Macrocybe gigantea

Scientific classification
- Domain: Eukaryota
- Kingdom: Fungi
- Division: Basidiomycota
- Class: Agaricomycetes
- Order: Agaricales
- Family: Callistosporiaceae
- Genus: Macrocybe
- Species: M. gigantea
- Binomial name: Macrocybe gigantea (Massee) Pegler & Lodge (1998)

= Macrocybe gigantea =

- Authority: (Massee) Pegler & Lodge (1998)

Species of fungus

Macrocybe gigantea is a species of mushroom-forming fungus that is native to India (West Bengal), Pakistan, and Nepal.

== Taxonomy ==
The English botanist George Edward Massee described this species as Tricholoma giganteum in 1912 from material collected in Shyamnagar, West Bengal, by Ethel Maud Burkill in 1911. Tricholoma was a wastebasket taxon; the species was moved into the new genus Macrocybe in 1998. Specimens currently classified as M. gigantea from Pakistan and China were more closely related to each other than specimens from India.

== Description ==
The mushroom has a smooth cap that is conical when young before expanding flattening out and can reach 30–35 cm in diameter. It is variable in colour, initially white before ageing to light grey, paler at the margin. The crowded sinuate gills are yellow. The cylindrical stipe is 15–18 cm high by 6 cm wide and is the same colour as the cap. The firm white flesh is up to 3 cm thick under the cap. The spore print is white. The oval spores measure 5.7-7.5 μm long by 4.0-5.3 μm wide.

== Ecology ==
In West Bengal, M. gigantea grows in groups or sometimes fairy rings in shady or grassy areas, or in association with angiosperm trees. M. gigantea has been found growing on elephant dung in Kerala state in India.

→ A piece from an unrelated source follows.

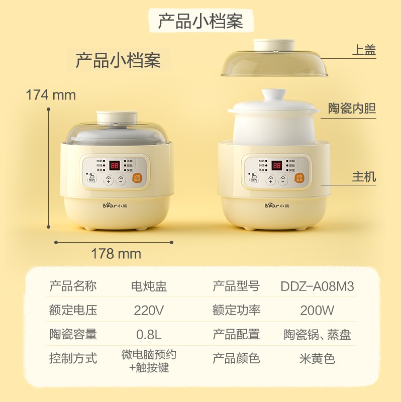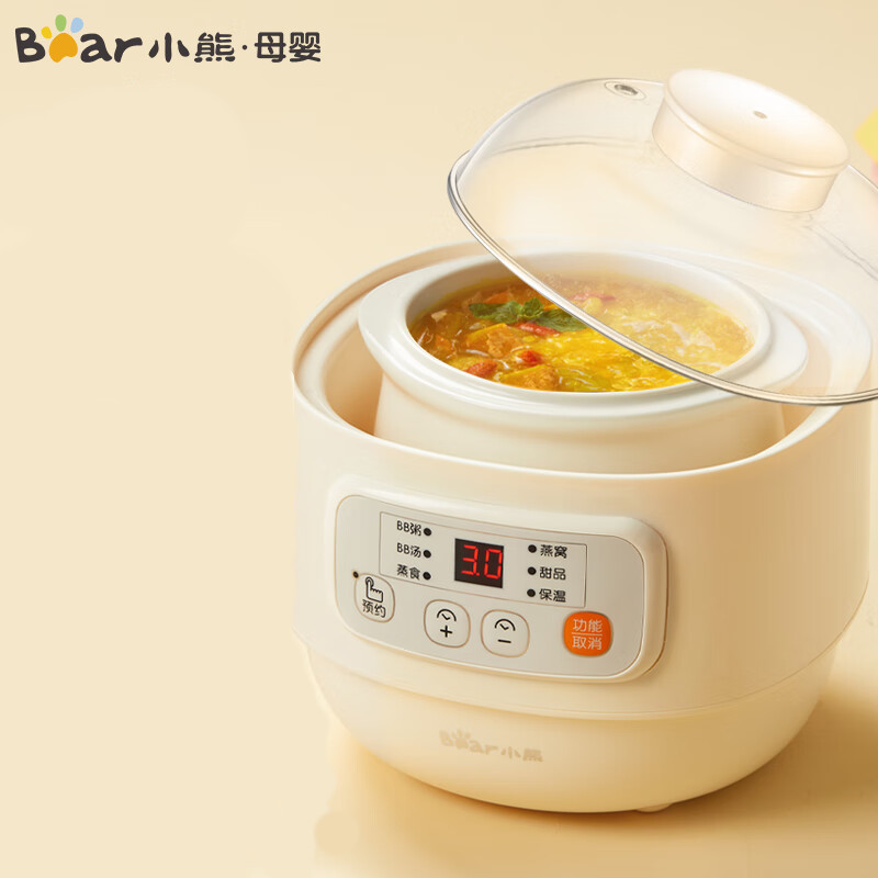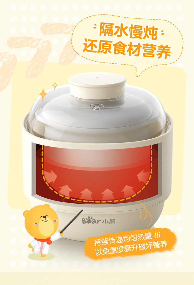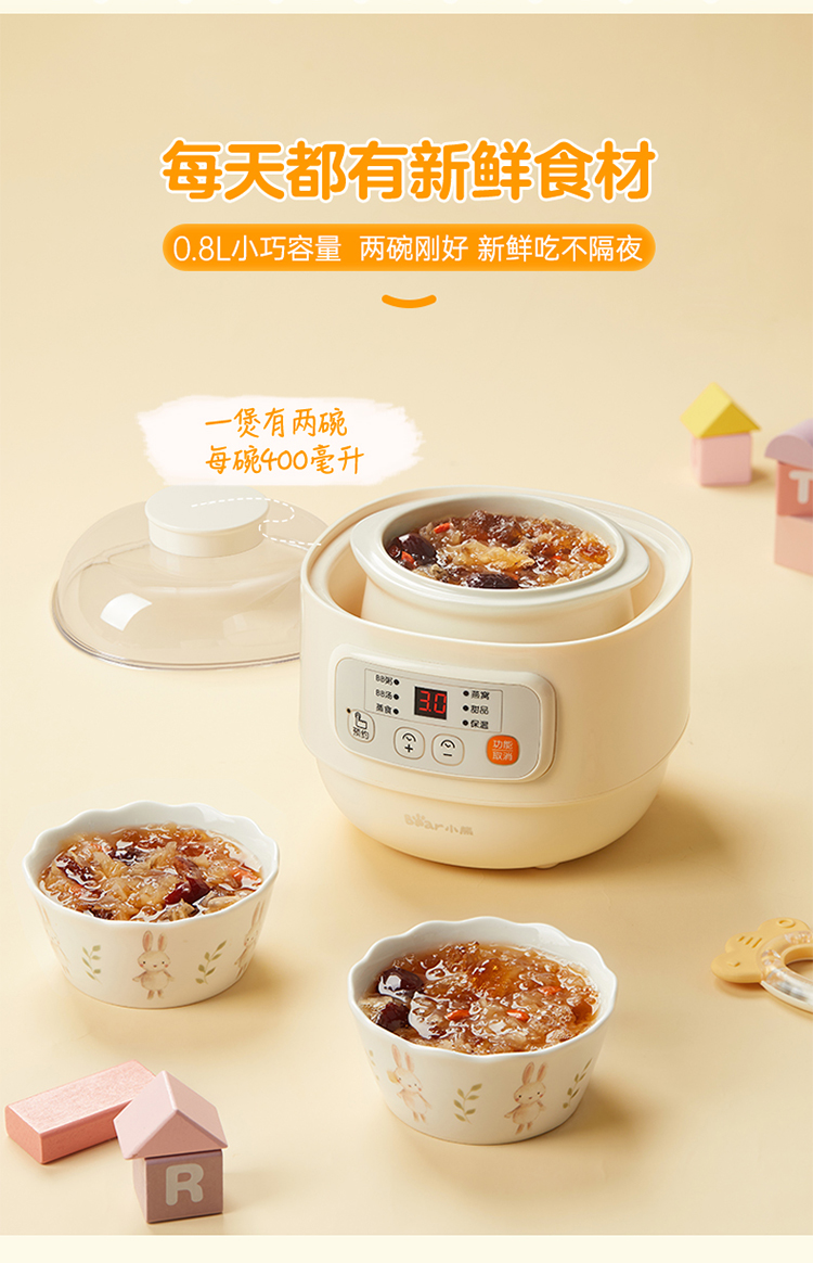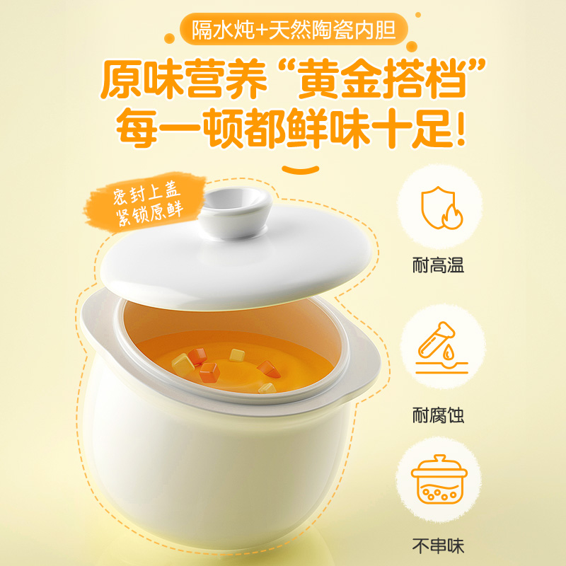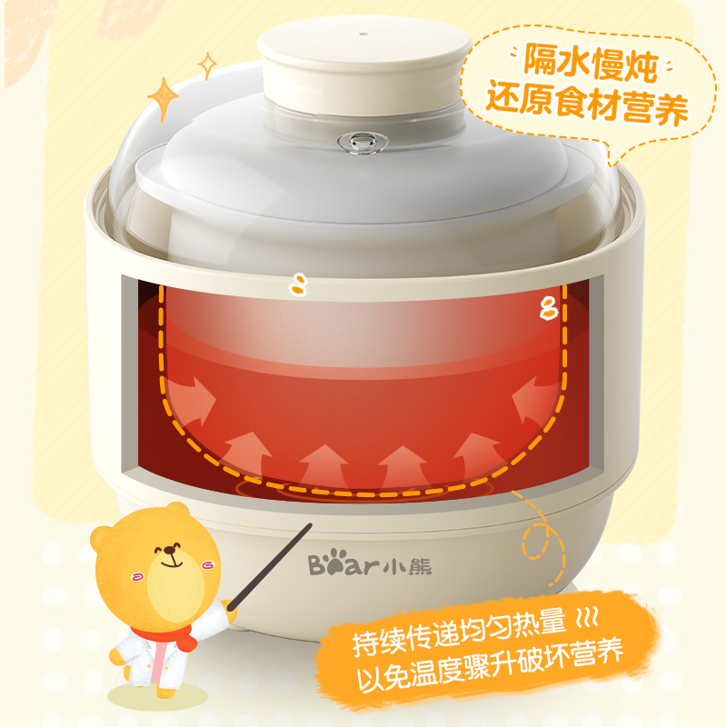 (特)小熊(Bear)婴儿辅食机 电炖锅 煮蛋器 隔水电炖盅 陶瓷煮粥蒸煮辅食锅 迷你宝宝bb煲0.8L DDZ-A08M3

== Relationship with humans ==
Known locally as Boro dhoodh chhatu, roughly translated as "smells like milk when dried", M. gigantea is picked and sold at roadside markets in central and coastal West Bengal and cooked in mustard oil and spices. In Tripura, the local Tripuri people also collect and eat this mushroom. M. gigantea is able to be cultivated, with investigations showing that pearl millet (Cenchrus americanus) is a promising substrate.